** TASK DATA follows **

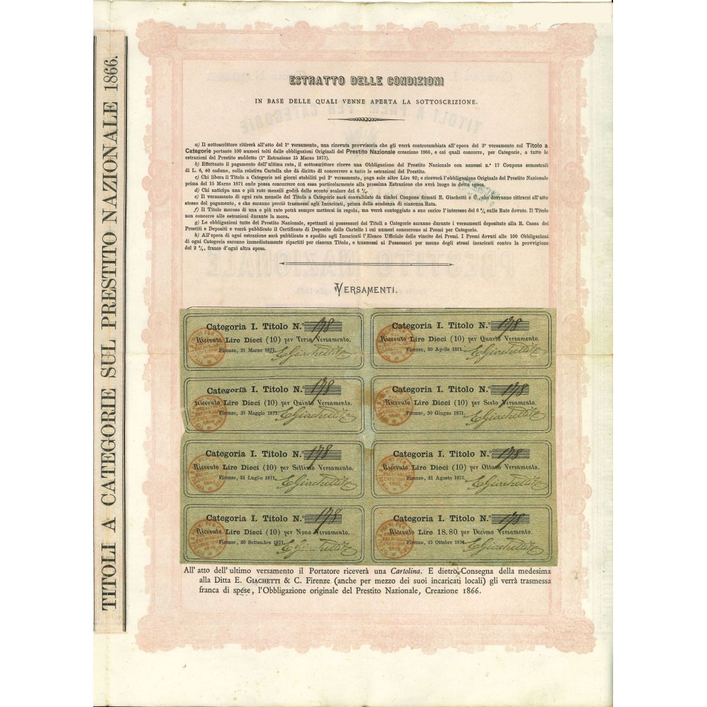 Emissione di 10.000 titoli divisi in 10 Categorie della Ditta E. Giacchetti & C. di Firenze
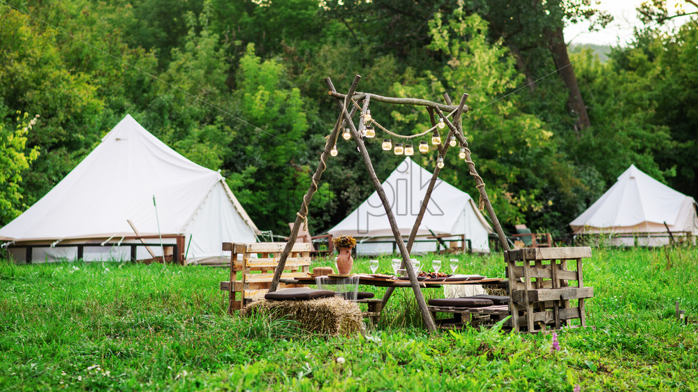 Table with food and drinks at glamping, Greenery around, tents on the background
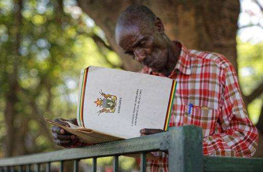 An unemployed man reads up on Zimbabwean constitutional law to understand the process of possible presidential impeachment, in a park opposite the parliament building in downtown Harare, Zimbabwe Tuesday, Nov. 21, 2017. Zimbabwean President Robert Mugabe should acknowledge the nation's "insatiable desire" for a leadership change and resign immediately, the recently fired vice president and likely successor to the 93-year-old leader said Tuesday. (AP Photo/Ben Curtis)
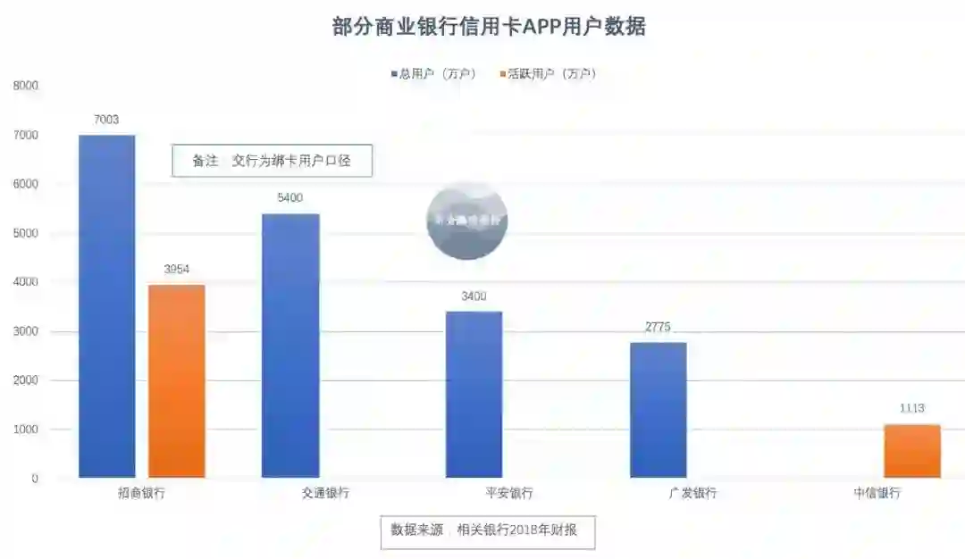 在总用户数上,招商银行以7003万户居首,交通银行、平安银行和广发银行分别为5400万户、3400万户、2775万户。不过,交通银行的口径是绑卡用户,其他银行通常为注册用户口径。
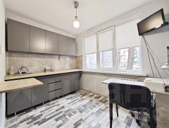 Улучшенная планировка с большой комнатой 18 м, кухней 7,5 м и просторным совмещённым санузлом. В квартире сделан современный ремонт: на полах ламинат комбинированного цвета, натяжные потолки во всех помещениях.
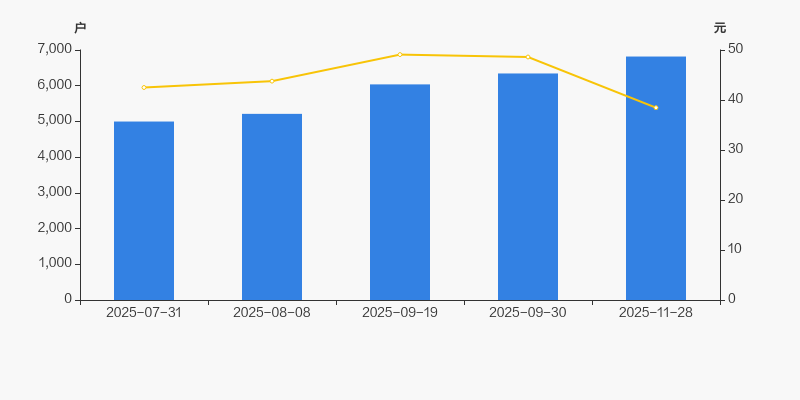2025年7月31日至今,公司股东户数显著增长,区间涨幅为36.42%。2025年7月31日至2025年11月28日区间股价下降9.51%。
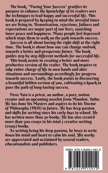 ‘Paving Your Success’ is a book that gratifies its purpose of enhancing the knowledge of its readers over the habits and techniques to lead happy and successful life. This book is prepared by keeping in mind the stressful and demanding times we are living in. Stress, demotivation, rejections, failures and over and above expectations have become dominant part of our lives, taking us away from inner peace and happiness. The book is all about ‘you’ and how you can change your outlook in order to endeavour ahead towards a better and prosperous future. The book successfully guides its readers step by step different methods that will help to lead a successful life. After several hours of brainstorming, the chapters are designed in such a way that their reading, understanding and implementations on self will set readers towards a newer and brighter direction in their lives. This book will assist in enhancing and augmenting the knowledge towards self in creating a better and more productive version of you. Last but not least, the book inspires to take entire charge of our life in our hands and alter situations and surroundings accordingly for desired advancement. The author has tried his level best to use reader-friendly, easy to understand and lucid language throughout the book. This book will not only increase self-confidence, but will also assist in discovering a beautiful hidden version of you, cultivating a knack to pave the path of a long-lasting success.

** End of TASK DATA **
** TASK DATA follows **

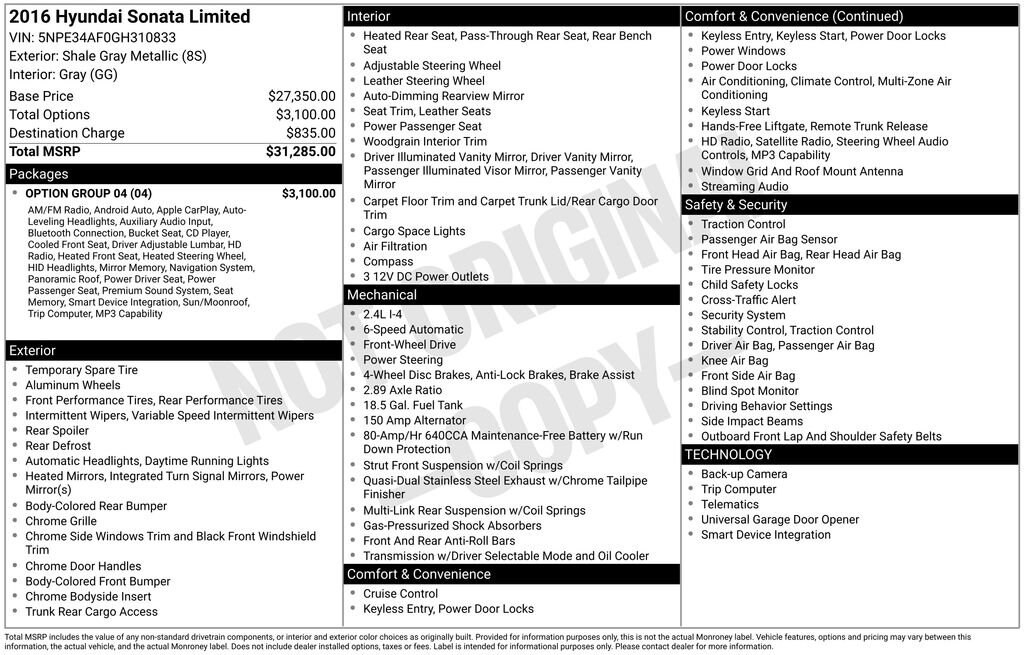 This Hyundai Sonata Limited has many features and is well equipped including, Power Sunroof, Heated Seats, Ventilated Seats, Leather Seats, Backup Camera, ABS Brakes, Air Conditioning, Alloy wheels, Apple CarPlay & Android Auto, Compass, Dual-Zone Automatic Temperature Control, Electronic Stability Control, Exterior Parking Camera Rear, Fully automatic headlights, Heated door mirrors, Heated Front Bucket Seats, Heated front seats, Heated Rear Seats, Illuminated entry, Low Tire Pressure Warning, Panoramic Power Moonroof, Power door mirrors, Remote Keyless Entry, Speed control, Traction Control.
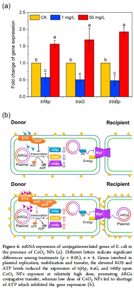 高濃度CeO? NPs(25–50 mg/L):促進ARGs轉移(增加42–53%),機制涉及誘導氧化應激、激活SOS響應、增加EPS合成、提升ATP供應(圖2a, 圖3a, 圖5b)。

** End of TASK DATA **
** TASK DATA follows **

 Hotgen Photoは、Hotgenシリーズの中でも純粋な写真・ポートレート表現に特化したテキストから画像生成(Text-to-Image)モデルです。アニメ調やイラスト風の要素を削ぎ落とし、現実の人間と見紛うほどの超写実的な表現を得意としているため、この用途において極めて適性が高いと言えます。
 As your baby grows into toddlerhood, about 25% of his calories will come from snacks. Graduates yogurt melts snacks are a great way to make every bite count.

** End of TASK DATA **

» **PROBLEM TO SOLVE**
In the listing above, find the line containing "Улучшенная планировка с" and the line containing "2025年7月31日至今,公". Print those two lines and every line between them exactly, with no pictures.

» **OUTPUT OF THE TASK**
 Улучшенная планировка с большой комнатой 18 м, кухней 7,5 м и просторным совмещённым санузлом. В квартире сделан современный ремонт: на полах ламинат комбинированного цвета, натяжные потолки во всех помещениях.
2025年7月31日至今,公司股东户数显著增长,区间涨幅为36.42%。2025年7月31日至2025年11月28日区间股价下降9.51%。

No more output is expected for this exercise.